The reply should hold only the lines from the one with "After having raised" to the one with "For Samsung Z", both ends kept, exactly as they appear below, without any pictures.

━━━ DATA SHOWN ━━━

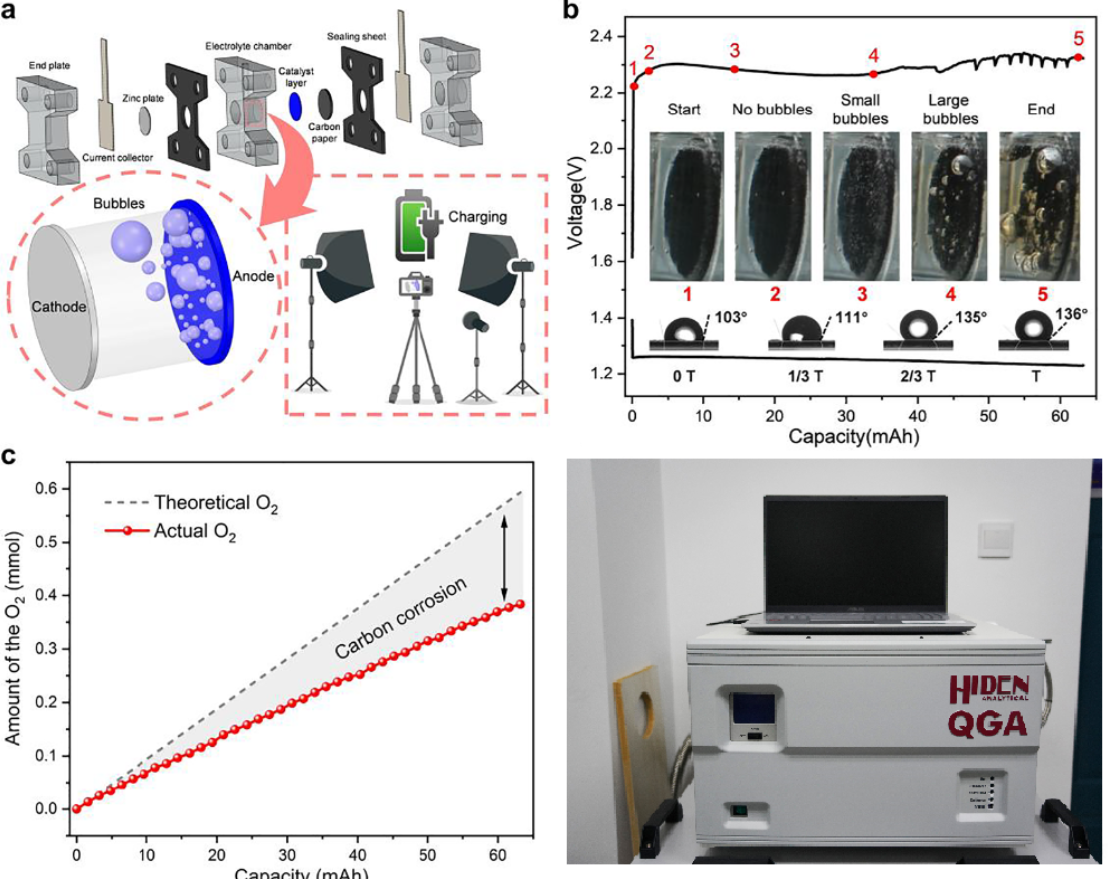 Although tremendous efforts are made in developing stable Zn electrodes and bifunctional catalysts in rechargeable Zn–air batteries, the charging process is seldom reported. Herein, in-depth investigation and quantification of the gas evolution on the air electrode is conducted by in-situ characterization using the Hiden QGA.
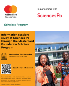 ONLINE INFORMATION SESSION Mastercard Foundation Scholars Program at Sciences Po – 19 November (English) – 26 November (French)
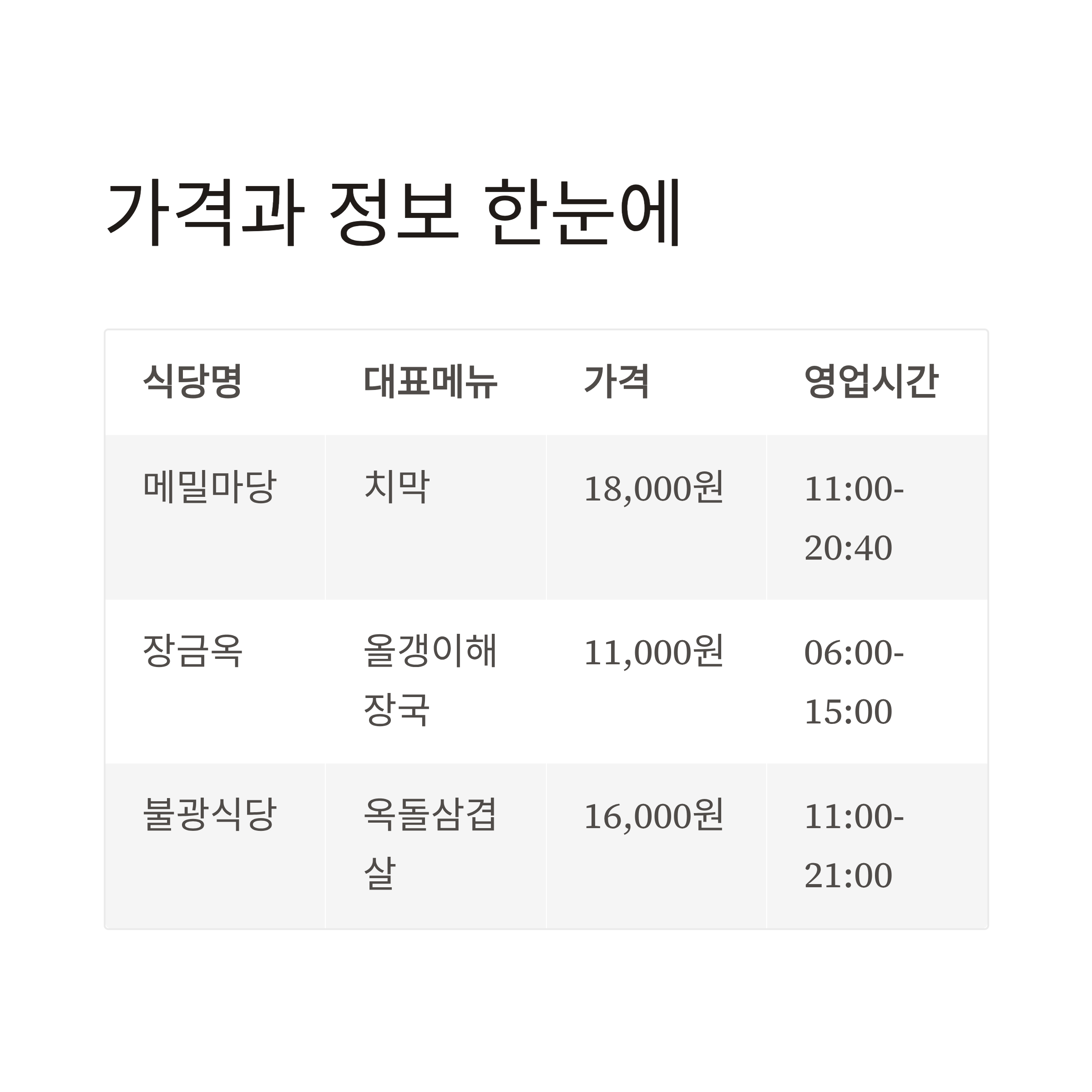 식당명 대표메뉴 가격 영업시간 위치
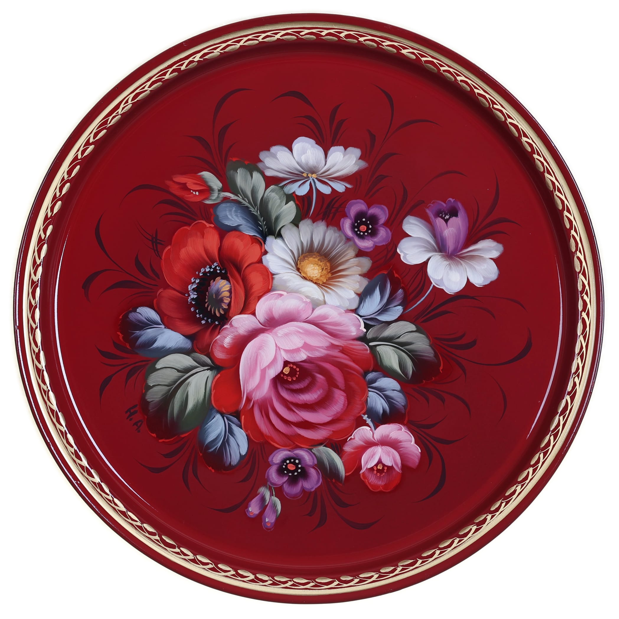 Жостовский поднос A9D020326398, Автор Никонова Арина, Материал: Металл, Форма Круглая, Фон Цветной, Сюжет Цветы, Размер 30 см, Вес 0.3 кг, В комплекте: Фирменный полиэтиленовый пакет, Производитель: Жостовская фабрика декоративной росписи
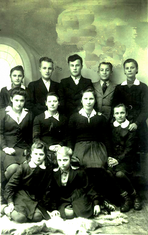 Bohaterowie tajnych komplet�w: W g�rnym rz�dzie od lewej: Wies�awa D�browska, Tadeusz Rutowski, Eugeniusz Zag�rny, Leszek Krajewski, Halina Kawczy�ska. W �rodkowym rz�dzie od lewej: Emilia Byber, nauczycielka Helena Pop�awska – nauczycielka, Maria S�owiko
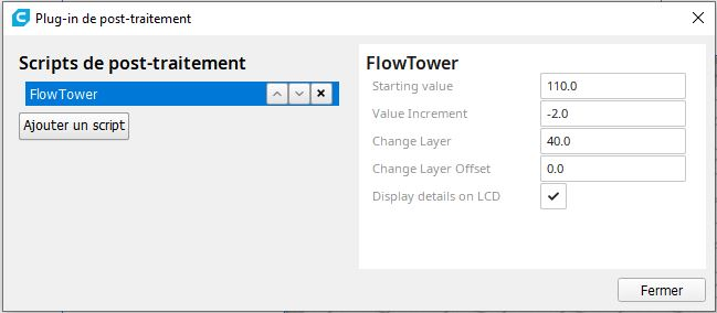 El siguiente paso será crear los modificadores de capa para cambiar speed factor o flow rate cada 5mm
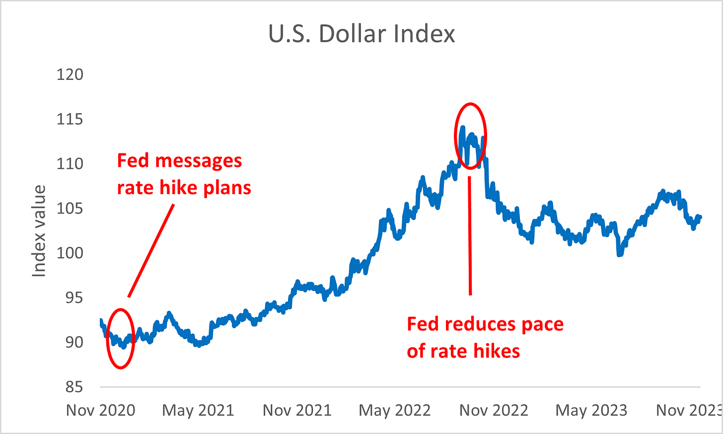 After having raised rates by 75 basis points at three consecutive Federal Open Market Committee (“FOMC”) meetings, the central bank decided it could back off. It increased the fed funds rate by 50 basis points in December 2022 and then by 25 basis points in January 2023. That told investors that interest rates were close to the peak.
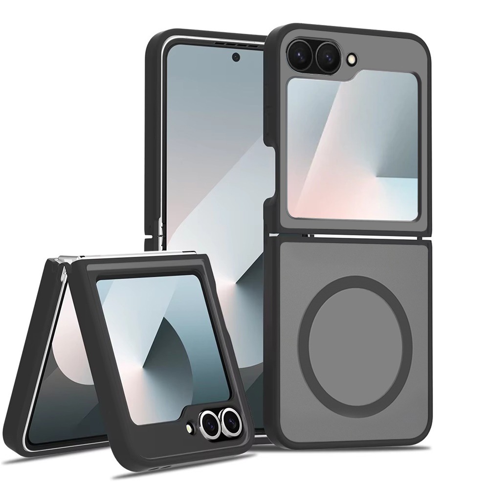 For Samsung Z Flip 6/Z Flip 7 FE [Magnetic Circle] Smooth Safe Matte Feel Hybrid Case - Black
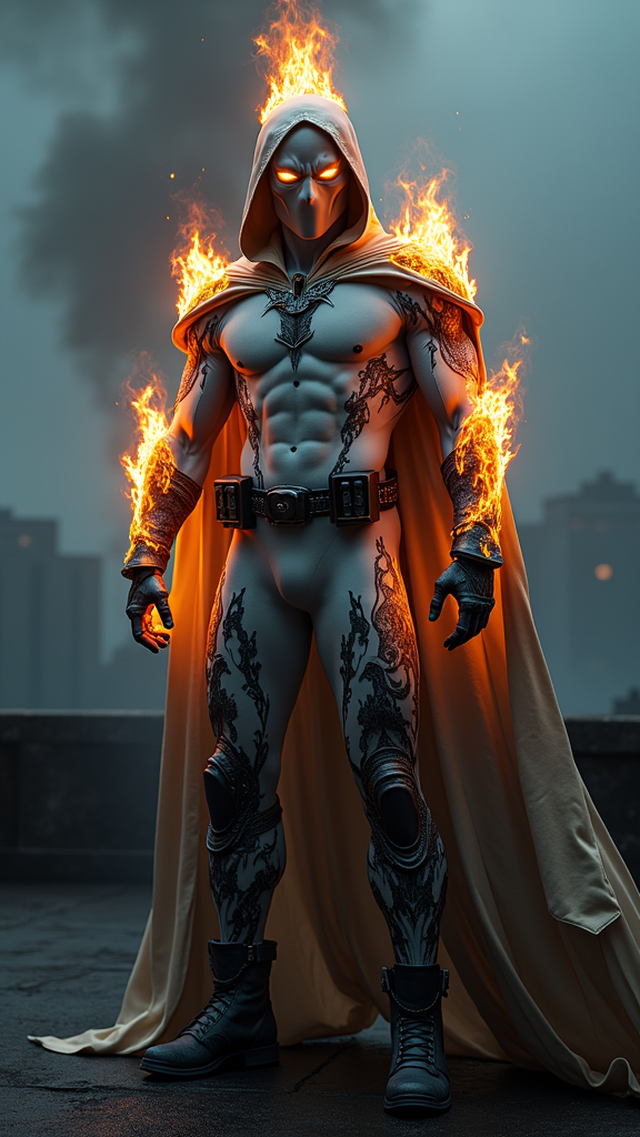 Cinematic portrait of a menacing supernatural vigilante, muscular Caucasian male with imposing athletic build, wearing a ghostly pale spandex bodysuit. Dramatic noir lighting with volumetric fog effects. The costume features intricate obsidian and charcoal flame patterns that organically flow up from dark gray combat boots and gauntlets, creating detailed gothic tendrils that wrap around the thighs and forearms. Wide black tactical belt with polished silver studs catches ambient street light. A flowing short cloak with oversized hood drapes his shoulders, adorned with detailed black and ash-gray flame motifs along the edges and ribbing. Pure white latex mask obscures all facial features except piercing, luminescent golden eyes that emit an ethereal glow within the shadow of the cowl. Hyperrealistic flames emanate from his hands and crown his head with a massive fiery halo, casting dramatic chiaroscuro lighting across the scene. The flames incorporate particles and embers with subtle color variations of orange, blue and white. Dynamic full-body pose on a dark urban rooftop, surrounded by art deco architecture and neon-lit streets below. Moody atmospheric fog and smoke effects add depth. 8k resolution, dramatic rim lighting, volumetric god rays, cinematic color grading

━━━

* **RESPONSE BELOW**
 After having raised rates by 75 basis points at three consecutive Federal Open Market Committee (“FOMC”) meetings, the central bank decided it could back off. It increased the fed funds rate by 50 basis points in December 2022 and then by 25 basis points in January 2023. That told investors that interest rates were close to the peak.
 For Samsung Z Flip 6/Z Flip 7 FE [Magnetic Circle] Smooth Safe Matte Feel Hybrid Case - Black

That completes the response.